Птицы белые и черные | страница 25
— Лучше скажи, где полуночничаешь?
— Я работал, Милка, — вздохнул отец и погладил ее по голове. — Такая дурная у меня работа… Устал, до дому долго шел…
Робка вышел из «пенала» и придвинулся к открытой двери. Теперь он видел их хорошо. И скромную обстановку комнаты видел. В короткой широкой кровати у окна спали двое — девочка и мальчик. Босая маленькая ножка, непонятно чья, торчала из-под одеяла. А в простенке между окнами висела увеличенная фотография в рамке. Милкин отец сидел на башне танка. Он смеялся, держа в руке шлем. На груди было тесно от орденов и медалей. Ух, какой красивый был тогда Милкин отец! Какая обворожительная, всепобеждающая улыбка мужика, воина, защитника и друга! Бабы всех времен небось с ума сходили по таким мужикам!
Какие поразительно красивые были у него глаза, красивые губы, чистый высокий лоб, густые кудри! Прикусив губу, Робка смотрел на фотографию и теперь боялся взглянуть на бывшего капитана-танкиста с обгоревшим, изуродованным лицом.
— Чего стоишь, Роберт? — вдруг сказал отец. — Входи. — Можно было подумать, что он видит.
— Милка, — спросил отец, — зачем тебе этот пацан нужен?
— Ну хватит, папка, выпил, что ли? Спать ложись.
— Нет, ты ответь мне. Зачем ты ему голову дуришь?
— Любовь у нас, понятно? Или ты не знаешь, что это такое? — Она отнесла его сапоги и портянки к двери, взглянула Робке в глаза, повторила: — Люблю я его, папка… Вот взяла и влюбилась…
— Дальше-то что? — спросил отец.
— Поживем — увидим, — Милка все так же смотрела Робке в глаза. — Ты не думай, папка, я не дурачусь — я серьезно…
— У тебя отец есть, Роберт? — спросил отец.
— Есть… — помедлив, ответил Робка.
— Воевал?
— Да… танкистом был.
— Ух ты! — обрадовался Милкин отец. — Здорово! У кого воевал?
— Не знаю точно… Кажется, в армии Рыбалко.

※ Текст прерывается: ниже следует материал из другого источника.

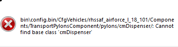 | Description | I am getting a error every time that i try to launch with USAF and the rest of RHS mods and it crashes the game before it can launch and open. it gets stuck on initializing addons and then this comes up " addon rhsgref_main requires addon rhs_main_loasorder . then when i click okay another error comes up saying " bin/config.bin/CfgVehicles/rhssaf_airforce_l_18_101/Components/TransportPylonsComponent/pylons/cmDispenser/: Cannot find base class "cmDispenser" " this one is the main issue please help | ||||||||
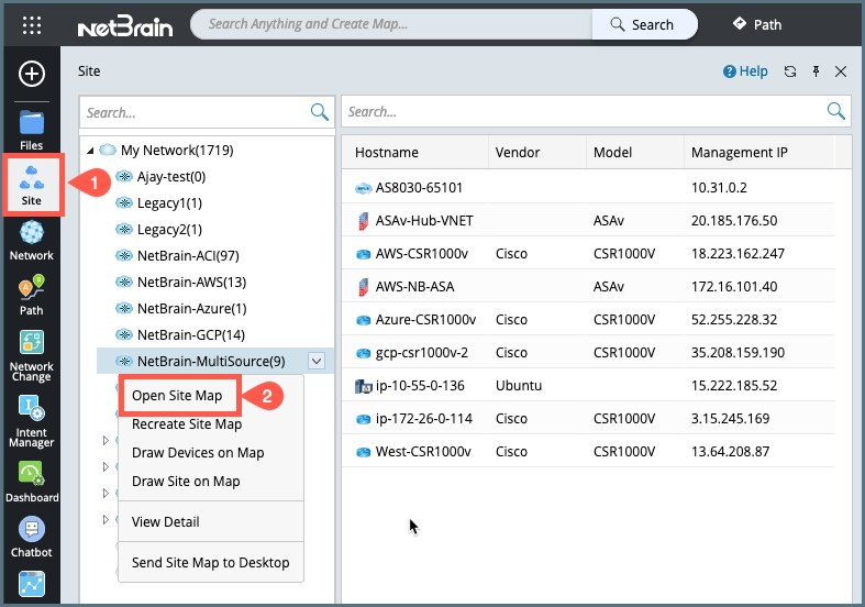 Expand the site tree, right-click the target site and select Open Site Map from the drop-down menu.
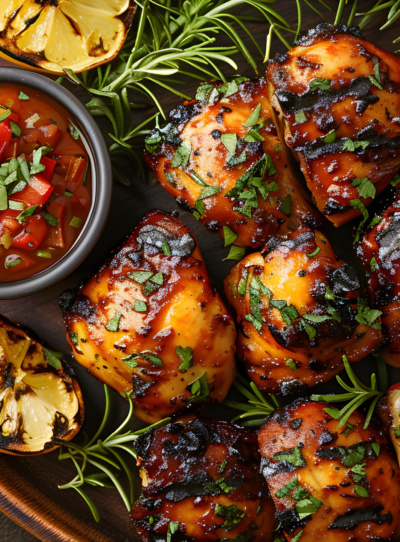 Chimichurri – a green salsa made with finely chopped parsley, oregano, onion, garlic, chilli flakes, olive oil, and lemon (or vinegar) served with meats

— Ух ты! — Он хлопнул себя по колену. — И я у Рыбалко! Как фамилия? Звание какое?
— Капитан Шулепов.
— Не припомню что-то… — Милкин отец улыбался. — Ну, капитанов в армии — тьма-тьмущая… Ты меня познакомь, слышь, Роберт? Нам есть что вспомнить. — Улыбка у него была светлой и печальной, и лицо его уже не казалось Робке таким страшным.
Робка хотел что-то ответить ему, но Милка умоляюще взглянула, приложила палец к губам.
— Нам повезло на войне, Роберт, — сказал Милкин отец. — Мы хоть живые пришли…
Робка вздохнул, и вновь на глаза попалась фотография Милкиного отца, сидящего на башне танка…
…И была первая в жизни Робки ночь с девушкой. Он видел в темноте ее глаза, лицо, он чувствовал, как замирает и обрывается сердце, падает в пропасть, и у пропасти этой нет дна.